Mohon tunggu...
Amilatur Rohma
Amilatur Rohma Mohon Tunggu... Mahasiswa - Physics Student | Content Writer | Social Media Enthusiast

A Marketer who enthusiasting on writing. Menulis untuk menyampiakan hal yang tak mampu diucapkan oleh lisan

Selanjutnya

Tutup

Travel Story Artikel Utama

Menilik Keunikan Paciran Part 1: Dari Kawasan Pesisir hingga Ikon Wisata Kebanggaan Lamongan

18 Januari 2022   22:32 Diperbarui: 26 Januari 2022   01:50 3146
+
Laporkan Konten
Laporkan Akun
Kompasiana adalah platform blog.

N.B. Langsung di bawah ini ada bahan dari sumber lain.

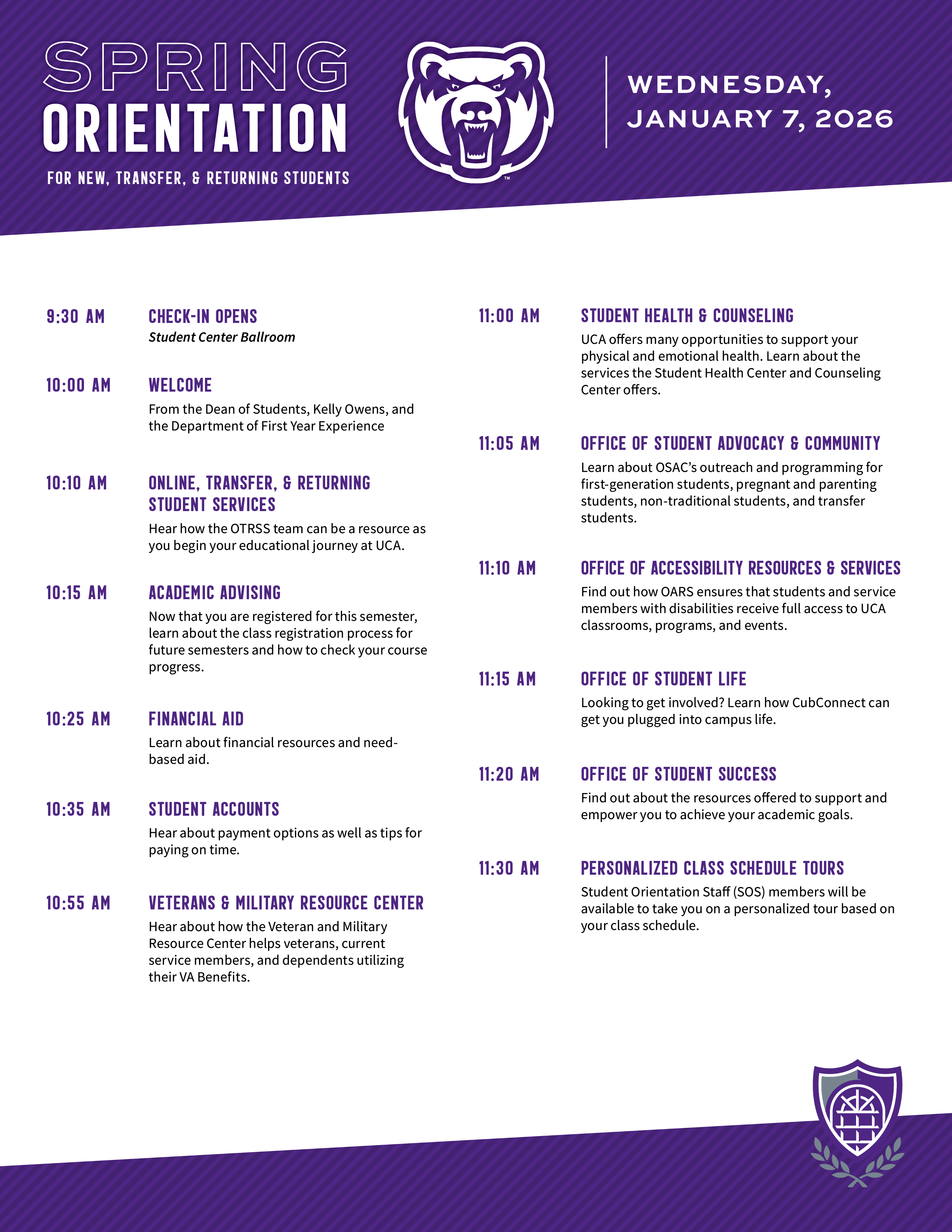 Congratulations on your admission to UCA! We are so excited you will be attending UCA and look forward to connecting you to the many resources we have to offer and the new community you will soon call “home.”
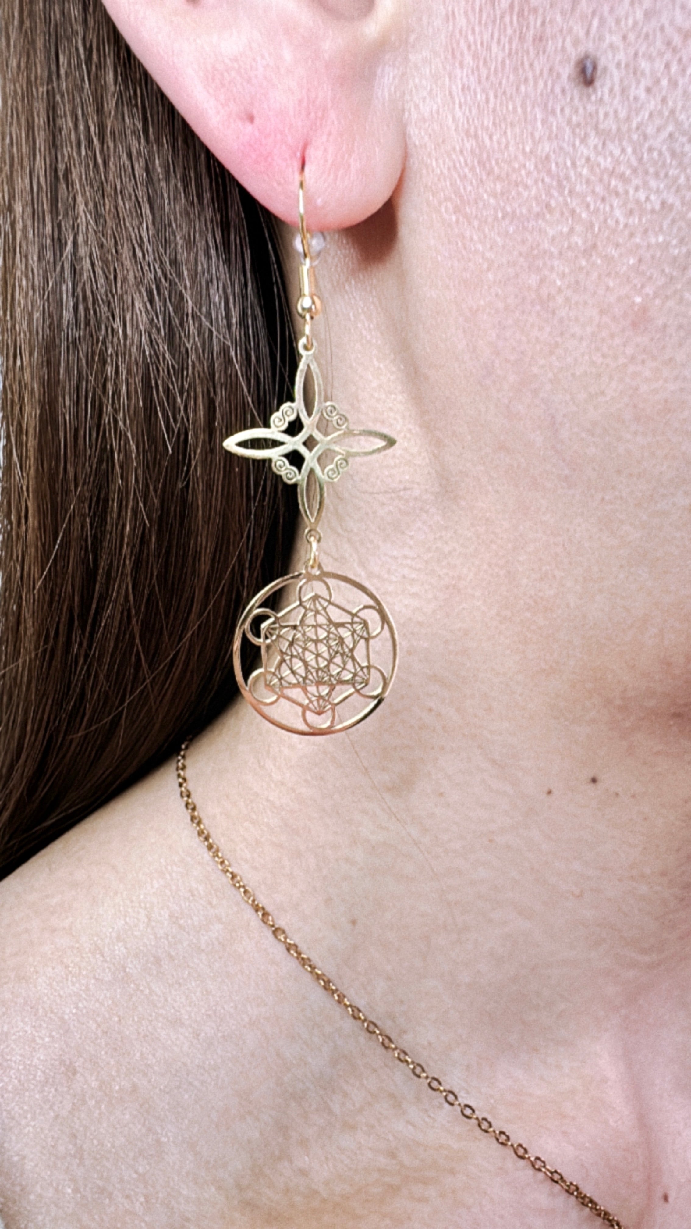 神聖幾何学メタトロンキューブをモチーフにしたピアス。

Konten ini menjadi tanggung jawab bloger dan tidak mewakili pandangan redaksi Kompas.
Lihat foto
Suasana Malam di Pesisir Paciran (dokumentasi penulis)

“Kamu orang mana?” 

“Saya dari Lamongan, kak”.

“Oh, Lamongan mana?” 

“Solokuro, kak”.

“Waduh, dimana itu, baru denger”.

Barangkali percakapan diatas adalah kejadian yang sering saya alami ketika ditanya tentang asal daerah saya. Solokuro adalah salah satu kecamatan di Lamongan. 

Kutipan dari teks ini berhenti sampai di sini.